Every time you look at a byte, you can see the code word from right to left, and a code word may span two bytes. The corresponding hexadecimal result is (not see a let go out of that two bits):

E6 A8 B4 CD 98 7B

7B B8 C5

AE C9 D1 4E BC A5

E9 0E 1F 1E ac&nb

Contact Us

The content source of this page is from Internet, which doesn't represent Alibaba Cloud's opinion; products and services mentioned on that page don't have any relationship with Alibaba Cloud.

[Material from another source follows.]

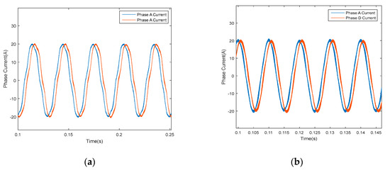 On the contrary, after adopting the proposed resonant controller in harmonic subspace, the waveforms of phase currents have been improved a lot, as shown in Figure 19. The THDs are reduced to 6.08% and 4.08% when the speed is 500 r/min and 1500 r/min, respectively, as depicted in Figure 20.

If the content of the page makes you feel confusing, please write us an email, we will handle the problem within 5 days after receiving your email.

If you find any instances of plagiarism from the community, please send an email to: info-contact@alibabacloud.com and provide relevant evidence. A staff member will contact you within 5 working days.

A Free Trial That Lets You Build Big!

Start building with 50+ products and up to 12 months usage for Elastic Compute Service

  • Sales Support

    1 on 1 presale consultation

  • After-Sales Support

    24/7 Technical Support 6 Free Tickets per Quarter Faster Response

  • Alibaba Cloud offers highly flexible support services tailored to meet your exact needs.